По слухам, Зальцман, которого вновь назначили директором Кировского завода, зверствовал, ставя на девяносто процентов прошений отказы. «Возражаю!» — безжалостно писал он собственной рукой, не желая отпускать на фронт квалифицированных рабочих, считая, что специалисты принесут больше пользы здесь, у станков. Его можно было понять, на нем висел оборонный заказ, госплан, за срыв которого можно было пойти под расстрельную статью. В крайних случаях даже с фронта возвращали особо ценных работников, а на все слова, что, мол, смена уже подготовлена, возражал: «Подготовил? Да пока он научится, а ты-то вот тут уже!»

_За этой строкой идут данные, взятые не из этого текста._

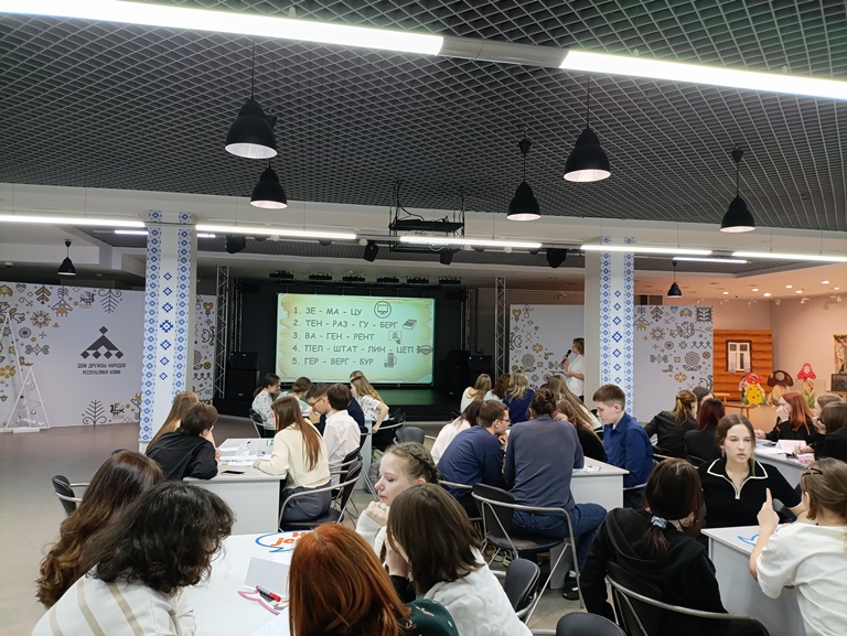 15 февраля в Доме дружбы народов прошёл муниципальный познавательно-развлекательный квиз по немецкому языку «Megakopf» среди учащихся 3-11 классов муниципальных общеобразовательных организаций г. Сыктывкара. Квиз проводился с целью развития языковых и коммуникативных компетенций учащихся и был рассчитан на три возрастные категории: 3-5 классы, 6-8 классы и 9-11 классы. От команд-участников, состоявших из 5-6 человек, ожидалось умение проявить кругозор и нестандартное мышление, применить школьные знания для решения практических задач, а также умение работать в команде, слушать друг друга и принимать общие решения.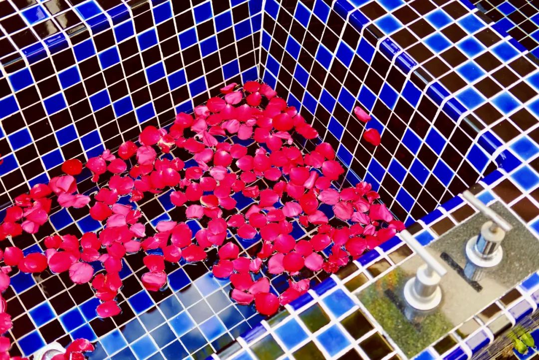 一进别墅,酒店君就看见早已备好的玫瑰花浴,开始幻想这是自己的蜜月之行了。

Корякин клялся, как своими словами слышал, когда относил очередное заявление в приемную, как Исаак Моисеевич орал на секретаршу: «Кто приходит с заявлением — отбирать, рвать, отправлять обратно в цех!»

Отсеивали и по другим причинам: старше сорока — не годишься, фамилия походит на немецкую — отказ, происхождение не пролетарское — иди обратно в цех!

Имелась и еще одна проблема — всего три процента состава бойцов имели высшее образование, где-то четверть — неполное среднее, а остальные — максимум начальную школу. Многие не имели и этого. Таких возвращали из части на завод с припиской: «Безграмотный!»

В общем, обстановка была нервная. Но план пока перевыполняли, как и обычно. В составе корпуса формировали три бригады, по числу областей, и на каждую бригаду нужно было внепланово выпустить по 54 танка, каждый из которых стоил 156 тысяч рублей.

Кто-то отдавал зарплату, кто-то отпускные, мальчишки разбивали копилки — все шло на нужды корпуса. Помимо самих машин требовалось укомплектовать корпус многими необходимыми вещами, начиная от обмундирования и гимнастерок, кончая часами для танков, патронами и портянками.

Мария Снегирева, как обычно, первой взяла слово:

— Когда товарищ Сталин одобрил создание нашего корпуса, он знал, что все в едином порыве пойдут записываться бить врага. Но мы не можем отправить на фронт каждого! Кто-то должен работать и в тылу. Так что, попрошу, товарищи, отказы воспринимать спокойно, без эмоций… ваши силы нужны нам здесь не меньше, чем там!..

Это все я слышал многократно, меня интересовала конкретика. Благо, начали разбор кандидатов по алфавиту, и я был почти в самом начале. До меня отказывали почти всем, особо не вдаваясь в объяснения и дискуссии. Нет и нет. Отвергнутые пытались спорить, но все было бесполезно — отказ был окончательный и обжалованию не подлежал. Голосовали за того или иного кандидата не все присутствующие в зале люди, а только семь человек, сидящие за большим столом на трибуне. Среди них были комсорг комсомольской ячейки, зам начальника нашего цеха, представители других цехов и ответственный от заводского отдела НКВД, но не знакомый мне Куликов, а мужчина постарше, обладатель густых кавалерийских усов.

Когда добрались до моей фамилии, я напрягся. Рекомендаций я собрал достаточно, в комсомоле состоял с четырнадцати лет, и все равно было тревожно. Выберут? Или отклонят без объяснения, как многих.

Снегирева передала членам комиссии мое заявление и прочие документы, которые я собрал.

— Герой, с какой стороны ни глянь, и при этом, такой молодой? — уточнил один из замов, изучив документы. — Такого на фронт отправлять — кадрами разбрасываться! Нам здесь тоже люди требуются!

Я вскочил на ноги, хотя слова мне не давали, и громко произнес:

— Считаю, что там я принесу больше пользы! Прошу зачислить меня в корпус!

Члены комиссии переглянулись между собой. Я видел, что единого решения у них еще нет. И попробовал додавить:

— В крайнем случае, запишите в рембригаду! Главное — отправьте на фронт! Мочи нет, хочу фрицев бить! А не отправите — сбегу! Клянусь!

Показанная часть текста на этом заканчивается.